Но Лев Ильич это только потом сообразил, а сразу не услышал, ему мысль его была дороге.
- В каких других?
- Ну что вы, мне первой, что ли, в любви объясняетесь? Да... Налейте-ка, выпьем, вы ж мне объяснились, да так ловко, что я и перебить вас не смогла! Как же, в первый раз - так я вам и поверила!
- У меня никогда так не было, - сказал Лев Ильич, он сейчас твердо верил тому, что говорил. Это и Вера почувствовала. - У меня всегда было ощущение, что непременно что-то помешает, что не мое - чужое, что не нужно мне это, что как бы хорошо, чтоб помешали, чтоб скорей подальше оказаться... А теперь, хоть и страшновато, а - дома.
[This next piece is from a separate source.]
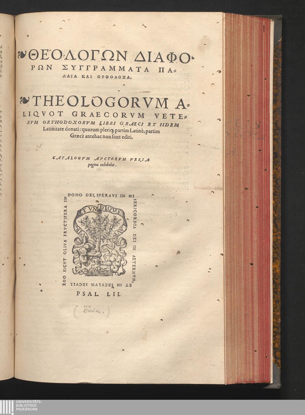 Theologōn diaphorōn syngrammata palaia kai orthodoxa / [Ed.: Conrad Gesner]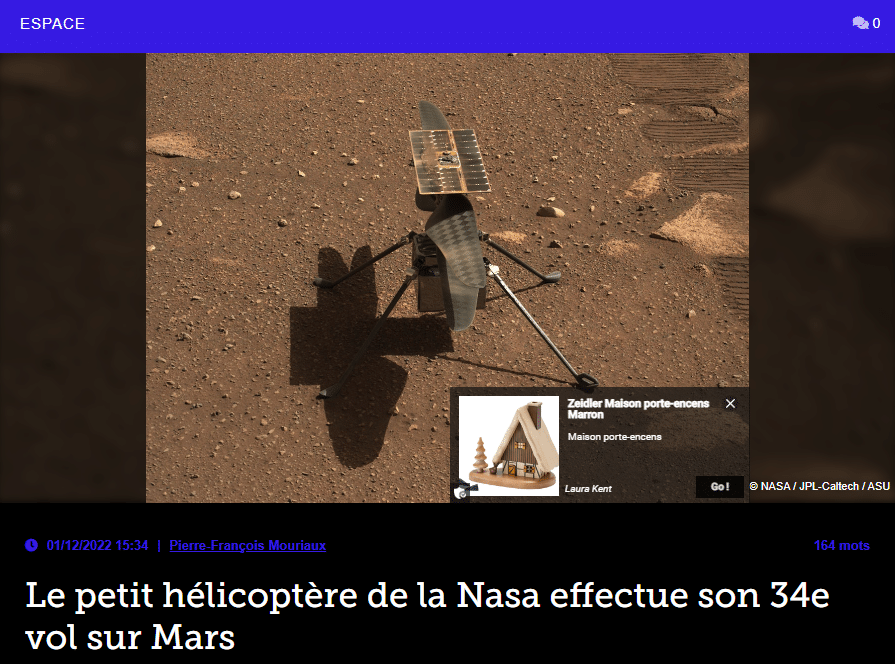 Ingenuity, le petit hélicoptère solaire de la mission Mars 2020, continue de donner satisfaction, 22 mois après son arrivée sur la planète rouge. Ingenuity joue les prolongations Le 23 novembre, la […]

И вы против сидите - мне уж и не надо ничего.
- Ну, раз ничего, тогда я вас сейчас возьму да и поцелую! - Вера с места поднялась. - Если, конечно, не испугаетесь?
Ветер швырнул форточку, грохнул, попугай взмахнул крыльями, как вихрь пронесся по комнате, лампадка моргнула и погасла... Лев Ильич встал на табуретку закрыть форточку, она не поддавалась, он и бросил.
Вера стояла посреди комнаты, смеялась:
- Видите, природа против нас, а ничего - мы сильнее!.. Что это потом было, как случилось? Да просто все было, чего мудреного, когда мужчина и женщина, каждый со своей бедой, неудачами остаются вдвоем в пустом доме, когда уж несколько дней как их сводит друг с другом, и коньяк к тому ж на столе - что здесь хитрого, удивительного? Но что-то все-таки и иное было. Надрыв, что ли, какой почувствовался Льву Ильичу, тоска бабья, изголодавшаяся по любви, или так уж к нему ее потянуло - да чего в нем такого привлекательного? Но не бесстыдство тут было, страсть сумасшедшая, жадная, ненасытная, и не изощренность была, а непосредственность детская, на лету схватывавшая все, упивающаяся своим открытиям. Она от тряпок освобождалась, как чешую сбрасывала, Лев Ильич даже глаза закрыл, как увидел ее средь этой комнаты... Нет, то не падение, успел он подумать, уж если отвечать, так чтоб было за что.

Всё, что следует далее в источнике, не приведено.